Glad you found the blog helpful
This insightful breakdown of the recent Google search engine leak is both enlightening and cautionary. It offers a fascinating glimpse into the types of data Google might collect, though it wisely advises against changing your SEO strategy based on this leak alone. Great job highlighting the importance of careful interpretation!
Fantastic post! Your breakdown of the 22 things we might have learned from the Google search leak is incredibly insightful. It’s fascinating to get a rare peek behind the curtain of the world’s biggest search engine. Thanks for sharing these valuable insights and helping us understand the intricacies of Google’s algorithms!
This is really awesome blog!
Thank you!
Incredible insights as always! Your expertise shines through in every post, making it a pleasure to read. Looking forward to more enlightening content!
If you enjoyed this post, I think you’d like this one too, about the Google leak: https://www.searchlogistics.com/learn/seo/algorithm/leaked-google-docs-bust-seo-myths/
While I don’t require your services now, I love reading your articles, Matthew. I’d like to add some of my experience to the mix.
Whenever I create a landing page that “works” and advertise it through Google Ads, the search volume increases until the “works” effect diminishes.
Example: A flower shop Valentine’s Day promotion. It went live 5 days before Valentine’s Day. It worked so well that the shop sold out 2 days before the day. It took 24 hours of Conversions reported to GA and GAds to trigger a glut of Google Search Traffic. Once the conversions dropped because the shop sold out, the search traffic dropped off the cliff. No SEO was done for that offer.
Note: I do digital ads and I create dedicated landing pages. I do that to separate Ads from SEO traffic and focus more on the offer. The pages are most of the time not accessible through the website menu.

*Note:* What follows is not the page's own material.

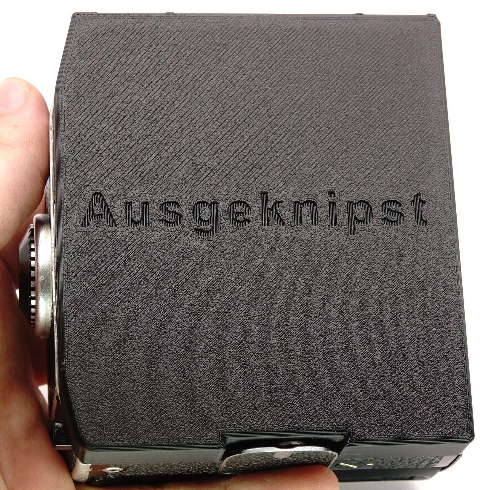 Le système d’échange du Rolleiflex SL66 est une prouesse technique, mais sans le cache de protection, le chargeur retiré est fragile. Ce cache protège le côté ouvert où la mécanique s’accouple à l’appareil. Nous avons conçu cette pièce pour qu’elle s’ajuste parfaitement et ferme le chargeur en toute sécurité. Ainsi, tu peux changer et transporter facilement des chargeurs chargés avec différents types de films.

My clients often allow us to replace a more “generic” page on the website with these landing pages. The original LP then gets a canonical pointing to the URL on the website.
The effect on search traffic is obvious.
That’s why my main focus is conversion optimisation first, no matter what. And I bug the SEO team a lot with reports on non-performing (<5% conversion rate) pages. And I make sure that Google can measure what happens on the website as well as possible (Google Consent Mode V2, e.g.).
This was an amazing read, Matthew. I loved how you provided practical suggestions after explaining each of the 22 points. Heading to share this jewel on Twitter.
Thanks, Dhruvir
This is really the best article about the Google Search Leaks. You gained a new Email follower 😄
The SEO challenge is one thing I must try!
Thanks, I really appreciate it!
I’ve seen bits and pieces on other places, but this was the best one that collect most important ones in a nice manner. Thanks!
Glad it was helpful!
Thanks you for such a thorough report on that.